*Provided records*:
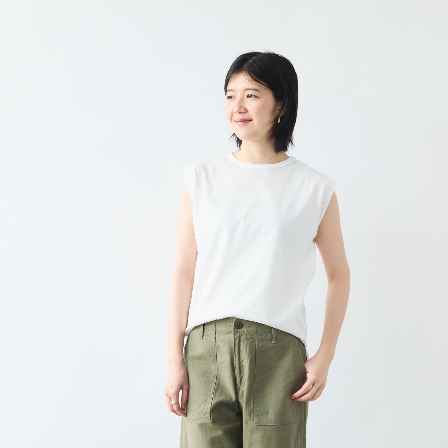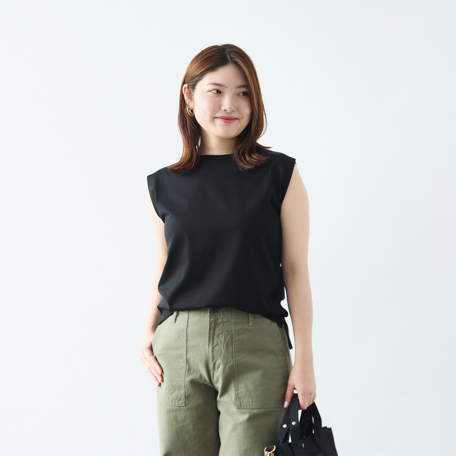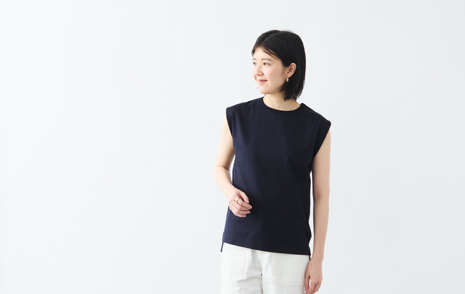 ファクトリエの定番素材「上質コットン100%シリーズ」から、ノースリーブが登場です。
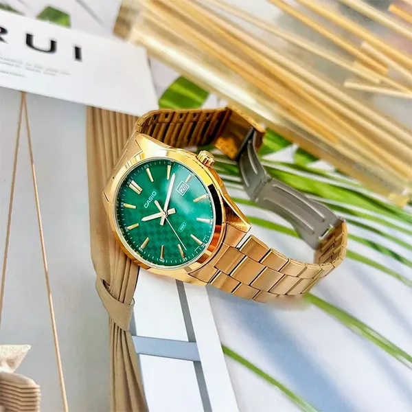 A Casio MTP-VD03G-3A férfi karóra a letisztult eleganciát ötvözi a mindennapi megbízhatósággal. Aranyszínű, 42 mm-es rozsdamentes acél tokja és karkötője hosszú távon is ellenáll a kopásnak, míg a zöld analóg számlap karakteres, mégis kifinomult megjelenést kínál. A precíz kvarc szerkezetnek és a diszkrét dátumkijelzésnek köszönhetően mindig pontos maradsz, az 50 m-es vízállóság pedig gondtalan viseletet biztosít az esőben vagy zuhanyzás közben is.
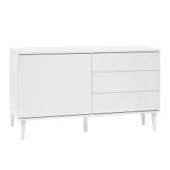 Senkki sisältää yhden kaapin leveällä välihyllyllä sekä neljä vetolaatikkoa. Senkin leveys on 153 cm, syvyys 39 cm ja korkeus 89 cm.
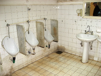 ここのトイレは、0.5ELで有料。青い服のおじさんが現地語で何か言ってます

---

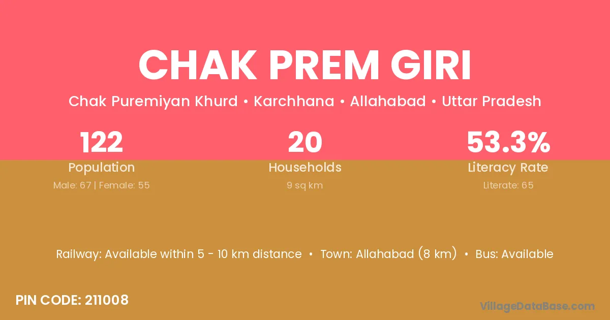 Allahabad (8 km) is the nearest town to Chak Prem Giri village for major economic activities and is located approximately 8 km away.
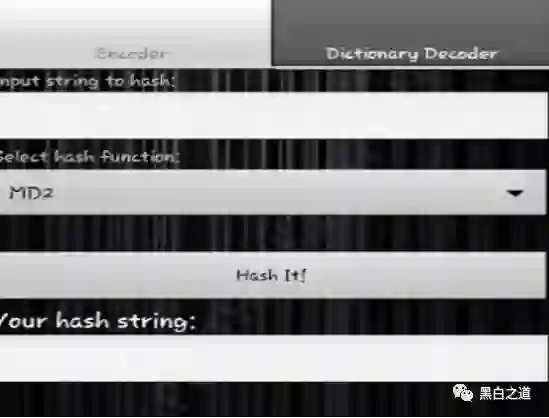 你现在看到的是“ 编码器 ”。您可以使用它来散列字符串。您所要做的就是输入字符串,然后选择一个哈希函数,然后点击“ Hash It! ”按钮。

*Work to be completed*: Print exactly the lines above that run from the one with "ファクトリエの定番素材「上質" to the one with "ここのトイレは、0.5ELで有料。青い服のおじさんが現地語で何か言ってます", both included. No pictures.

*Answer section*:
 ファクトリエの定番素材「上質コットン100%シリーズ」から、ノースリーブが登場です。
 A Casio MTP-VD03G-3A férfi karóra a letisztult eleganciát ötvözi a mindennapi megbízhatósággal. Aranyszínű, 42 mm-es rozsdamentes acél tokja és karkötője hosszú távon is ellenáll a kopásnak, míg a zöld analóg számlap karakteres, mégis kifinomult megjelenést kínál. A precíz kvarc szerkezetnek és a diszkrét dátumkijelzésnek köszönhetően mindig pontos maradsz, az 50 m-es vízállóság pedig gondtalan viseletet biztosít az esőben vagy zuhanyzás közben is.
 Senkki sisältää yhden kaapin leveällä välihyllyllä sekä neljä vetolaatikkoa. Senkin leveys on 153 cm, syvyys 39 cm ja korkeus 89 cm.
 ここのトイレは、0.5ELで有料。青い服のおじさんが現地語で何か言ってます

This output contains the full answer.